Quoting from Conor’s thesis, section 5.1.3:
“It is now time to reveal the definition of ≃, the ‘John Major’ equality relation. (Footnote 2: John Major was the last ever leader of the Conservative Party to be Prime Minister (1990 to 1997) of the United Kingdom, in case he has slipped your mind.) John Major’s ‘classless society’ widened people’s aspirations to equality, but also the gap between rich and poor. After all, aspiring to be equal to others than oneself is the politics of envy. In much the same way, ≃ forms equations between members of any type, but they cannot be treated as equals (ie substituted) unless they are of the same type. Just as before, each thing is only equal to itself.”
(Of course, Conor’s prediction in the footnote was refuted with the election of David Cameron in 2010.)
It’s a shame that partisan politics of a particular country have been snuck into the naming of an interesting mathematical object. Maybe we can agree to just call this “heterogeneous equality”, which is also a more descriptive name.
And also, strip Connor of his PhD since his thesis contains factual errors.
I don’t know, it seems that this is all in good fun.
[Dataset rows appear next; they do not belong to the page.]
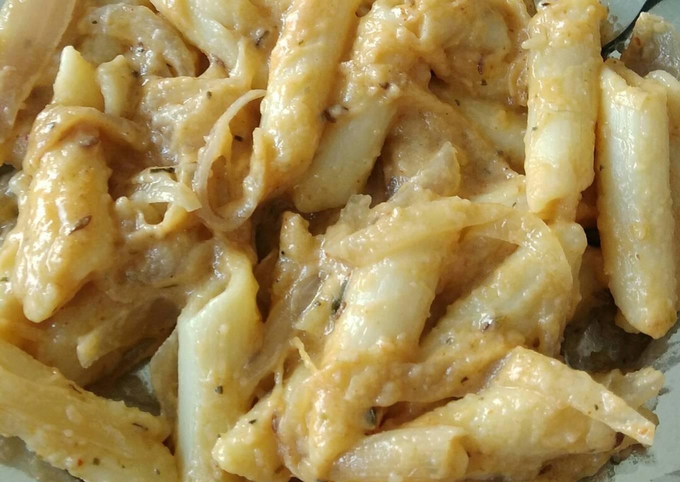 - In a pan.... Heat the oil.... And add 1tsp jeera and garlic and cooked it... Till it's get golden brown Colour after this add sliced onion and cooked for 7-8 minutes and then add tomato sauce, red Chilli sauce, soya sauce and mix it... And after this add salt and red Chilli powder.. Cook for 2 minutes and after this we add bread and milk sauce we made... And cooked it for 5 minutes... After this add boiled pasta..... And serve it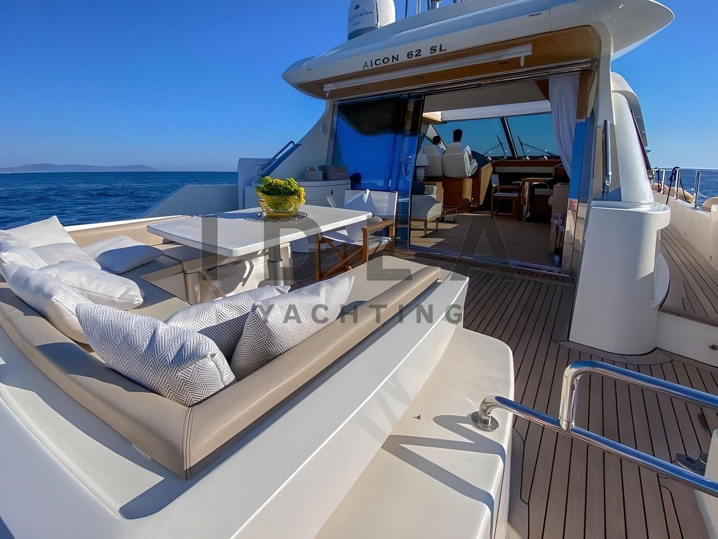 Poussez votre détente à de nouveaux sommets sur la vaste terrasse, où un grand espace extérieur vous invite à vous prélasser au soleil ou à savourer la brise rafraîchissante de l’océan. L’Aicon 62SL est vraiment une oasis de tranquillité sur l’eau, où chaque détail a été conçu pour votre plus grand plaisir. Découvrez l’art de vivre en mer avec un yacht qui allie sans effort élégance, confort et vue imprenable, bienvenue dans votre nouveau paradis flottant.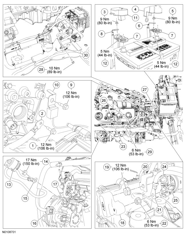 9. Detach the battery cable harness locator clip from the engine harness locator clip at the front corner of the LH valve cover.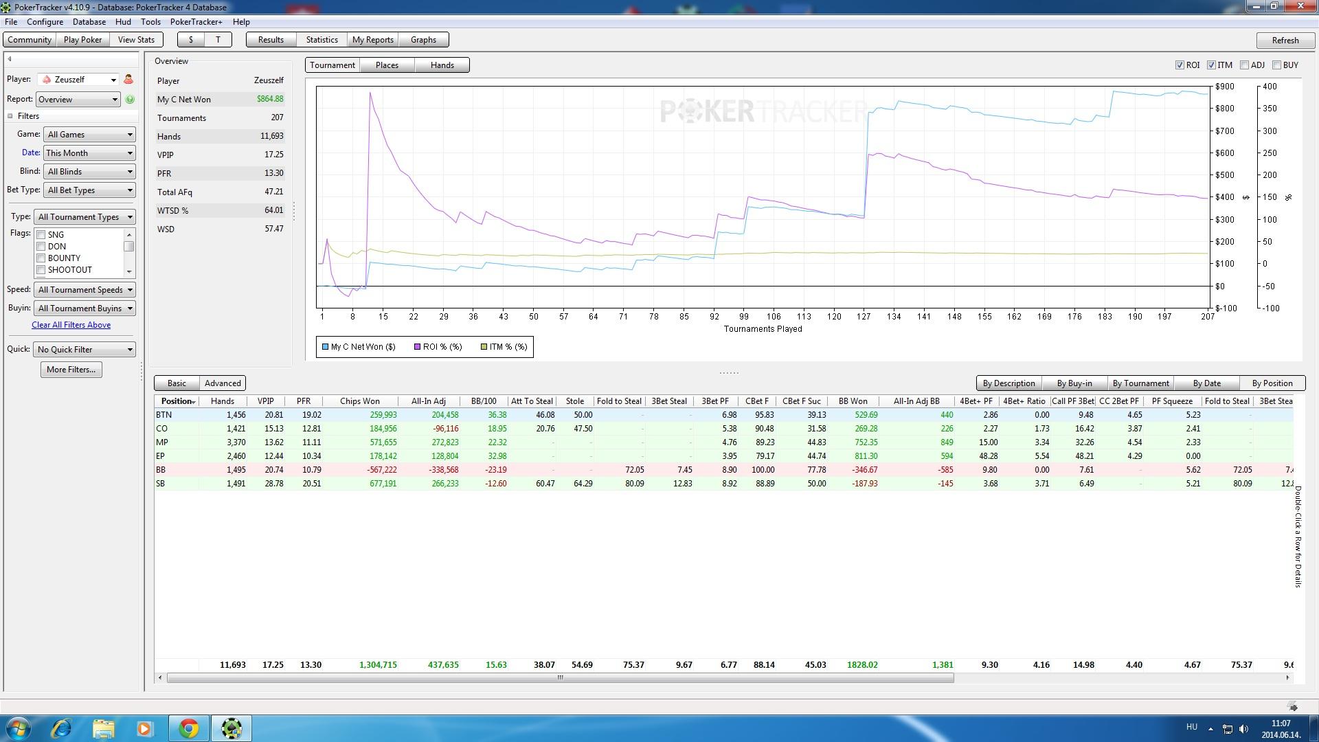 Jó, hogy van ilyen topik is. Ideje volt már ide írnom. Remélem nem bánjátok, ha csatlakozok hozzátok. Rég óta kártyázom, kisebb nagyobb sikerrel. Aztán volt egy nagyobb nyereményem októberben, azóta fejlesztem magam és már lassan a profi szinten tartok. Az utóbbi hónapjaim már nagyon jól alakulnak már szinte ebből élek.Imádom a pókert nap mint nap foglalkozom vele elemzek olvasok és sokat játszom. Szeretnék hozzátok csatlakozni, mert még a mai napig tanulok dolgokat, és akinek kell segítség szívesen nyújtok. Én főleg sng játékos vagyok. itt egy grafikon a júniusomról sajnos elég keveset játszottam, még a hatákonyságon javítani kell, nagyon el vagyok ebben a hónapban maradva.

I really appreciate the humanisation of abstract mathematics in the way Conor does.
Aye!
I think so do Andrej and the rest; and it comes out differently with them.
I’d like to point out that OTT’s equality is not JMeq though: rather than bundling a path between the types it asks for one.
So it’s more like the following
OTTeq : (A B : Type) (x : A) (y : B) -> Type
OTTeq A B x y = forall (p : A = B), transport p a = b
Which I believe is even less sensical from a HoTT perspective, because if that p can be any isomorphism one can’t even prove OTTeq Bool Bool true true
I should hasten to add that I’m not critiquing OTT or the use of highlighting particular Inductives; hmmm… that does still look like a strange thing to highlight — a term of this OTTeq would say that the *tautological fibration* over Type on the component of Bool were trivial… you could still have, for instance, an equivalence ( (Bool = Bool ) (Bool Bool) ), but you couldn’t have that equivalence realized by path_to_equiv. It would be weird indeed!
But! You could have that trivially-fibered equivalence at one level of Type, and find the usual Univalence at a higher level… one of the things I left out of this note was a vague wondering about whether one could ask for Univalence only “in the limit”, but never mind that now. I’m rambling again.
I believe one way to embed OTTeq in a system with Univalence would be to have an hset U (for Universe) equipped with an interpretation function T : U -> Type and then define the equality like so
OTTeq : (A B : U) (x : T A) (y : T B) -> Type
OTTeq A B x y = forall (p : A = B), transport (map T p) x = y
and then we’d have to decide how to populate this U type, it might even cover the whole hierarchy of Type unless paradoxes are lurking beneath.
I don’t understand; how is that any more univalent? It looks like the same equality from your first comment.
A and B are elements of U not Type, intuitively they are just syntax for types rather than types themselves, so A = B is contractible and a stronger assertion than T A = T B, hence assuming ‘Bool’ : U; and T ‘Bool’ = Bool we can indeed prove OTTeq ‘Bool’ ‘Bool’ true true, because we know the only inhabitant of ‘Bool’ = ‘Bool’ is refl.
So I guess it’d be a way to consistently reason “non-univalently” within an univalent theory.
Oh, I misunderstood what you were saying. Yes, that makes sense: you can have non-univalent “universe objects” in a univalent theory.